(Records from a dataset)

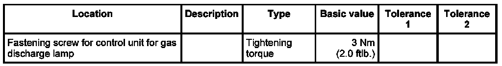 1. Position control unit for gas-discharge headlight -2- on the Bi-Xenon headlight -3- in -direction of arrow- and secure it with the three fastening screws -2-. - Tightening torque: 3 Nm (2.0 ftlb.).
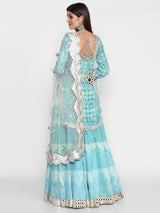 Turquoise sharara set adorned with mirror and gota work
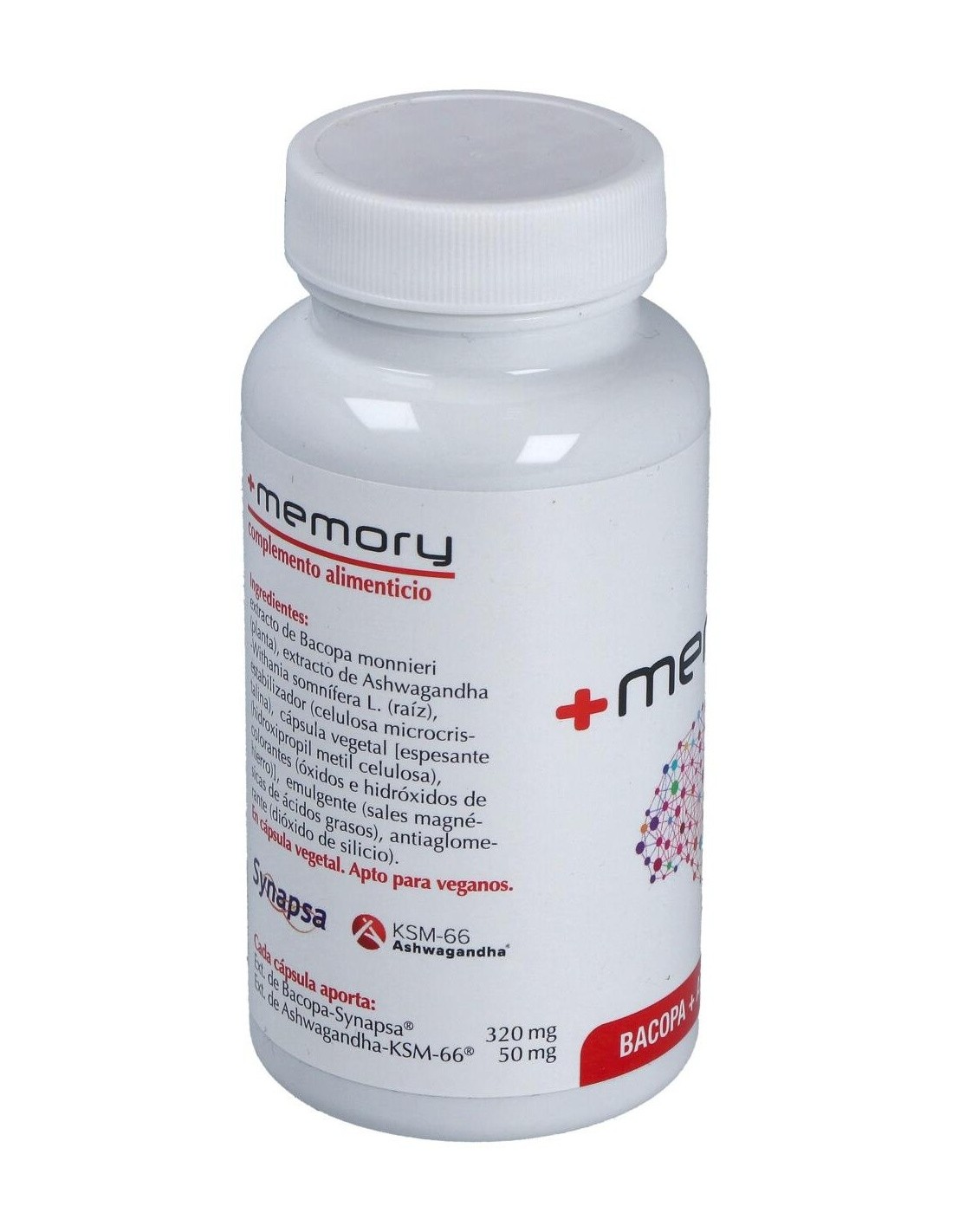 +Memory de Plantis es una asociación de Bacopa-Synapsa® con Ashwagandha KSM-66® que ayuda a mejorar la memoria, el rendimiento mental y también a acelerar el aprendizaje.Diversos estudios* con Synapsa® han evaluado los siguientes puntos encontrando una mejora significativa después de su consumo:
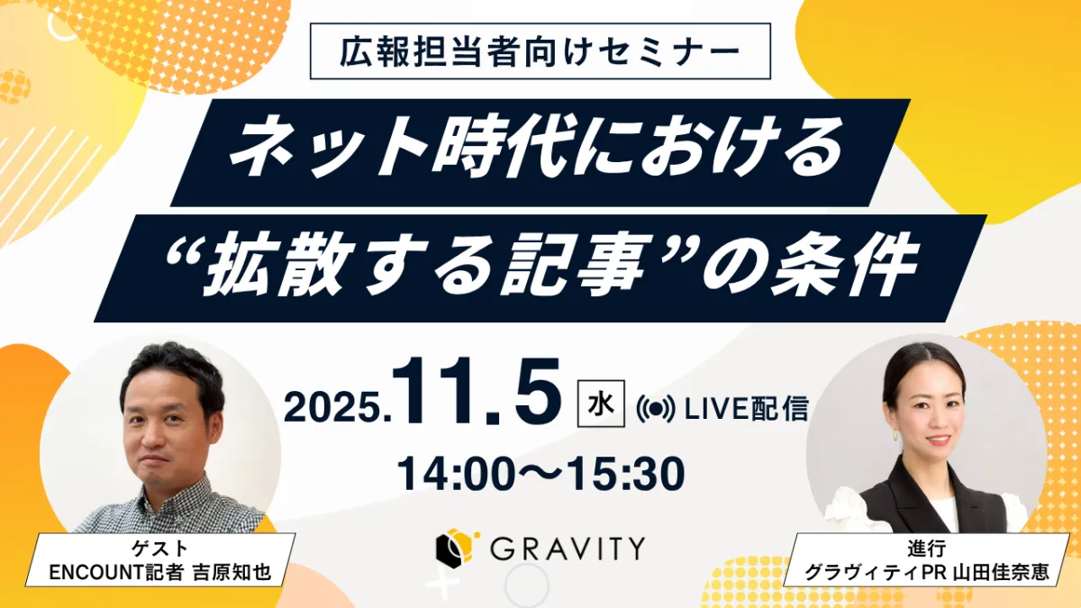 株式会社グラヴィティPRがもたらす最新の広報PRセミナーが、2025年11月5日(水)にオンラインで開催されます。このセミナーは、特に年末年始に向けて企業広報担当者が注目すべき内容となっており、現役記者を招いて「ネット時代における“拡散する記事”の条件」をテーマに深堀りします。
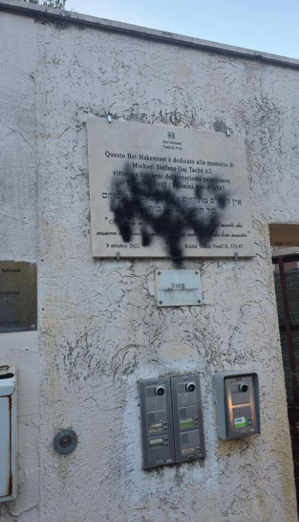 1_3 Pubblicata il 1 Dicembre 2025 alle 434 × 758 in Roma, il gruppo “Monteverde antisionista” vandalizza la sinagoga “Bet Michael” e profana la targa commemorativa dedicata a Stefano Tachè
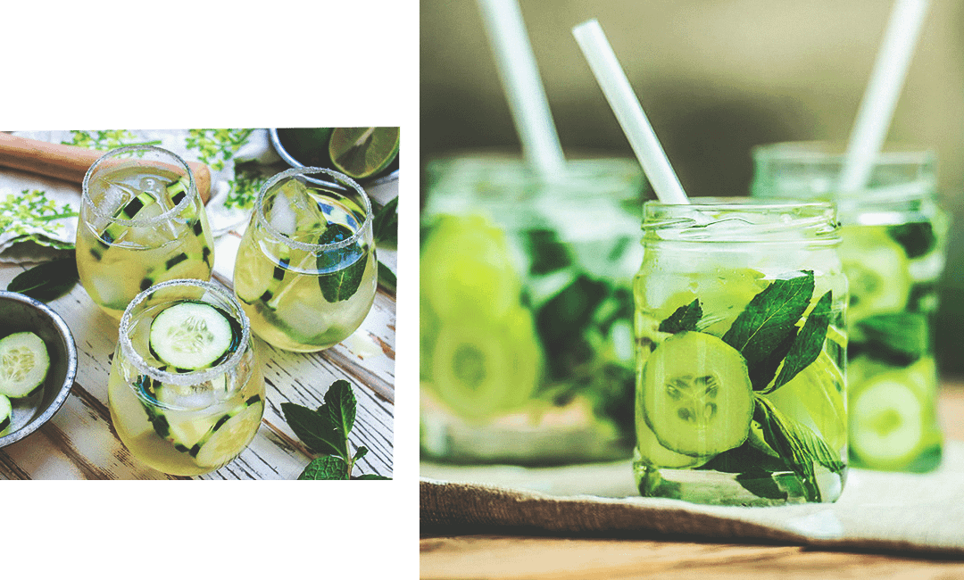 Смешай огурец и сок лайма в блендере и перелей смесь в бокалы со льдом. Добавь кусочки лайма, мяту, сахар и содовую перед подачей. Укрась края бокала солью.
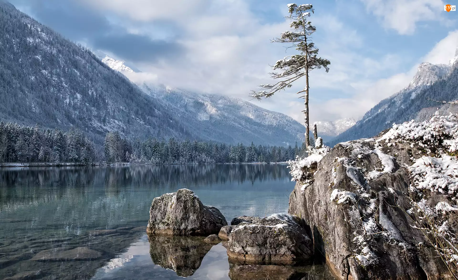 Góry, Kamienie, Zima, Skała, Rzeka, Drzewa
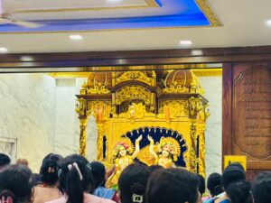 Inside, you’ll find beautifully decorated deities of Radha and Krishna, surrounded by intricate carvings and vibrant colors. The setting is traditional, but the experience feels timeless.
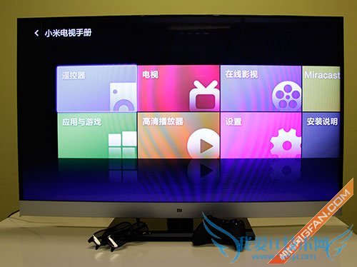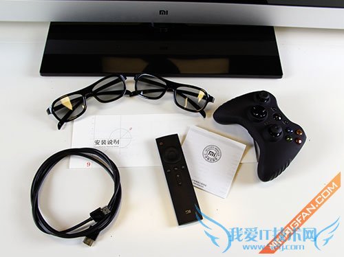 除了电视机本体外,小米电视随机配备了一个11键遥控器、两幅偏振3D眼镜、一条HDMI数据线以及一条电源线,至于蓝牙无线手柄则需要单独进行购置。整体备件还算比较完备,11键的遥控器配合MIUI的电视UI还算较为顺手,不会出现没数字键的尴尬。

| Task to carry out |
Exclude the pictures, and output exactly the lines from the one with "Смешай огурец и" through the last line of the records, both included.

| Worked solution |
 Смешай огурец и сок лайма в блендере и перелей смесь в бокалы со льдом. Добавь кусочки лайма, мяту, сахар и содовую перед подачей. Укрась края бокала солью.
 Góry, Kamienie, Zima, Skała, Rzeka, Drzewa
 Inside, you’ll find beautifully decorated deities of Radha and Krishna, surrounded by intricate carvings and vibrant colors. The setting is traditional, but the experience feels timeless.
 除了电视机本体外,小米电视随机配备了一个11键遥控器、两幅偏振3D眼镜、一条HDMI数据线以及一条电源线,至于蓝牙无线手柄则需要单独进行购置。整体备件还算比较完备,11键的遥控器配合MIUI的电视UI还算较为顺手,不会出现没数字键的尴尬。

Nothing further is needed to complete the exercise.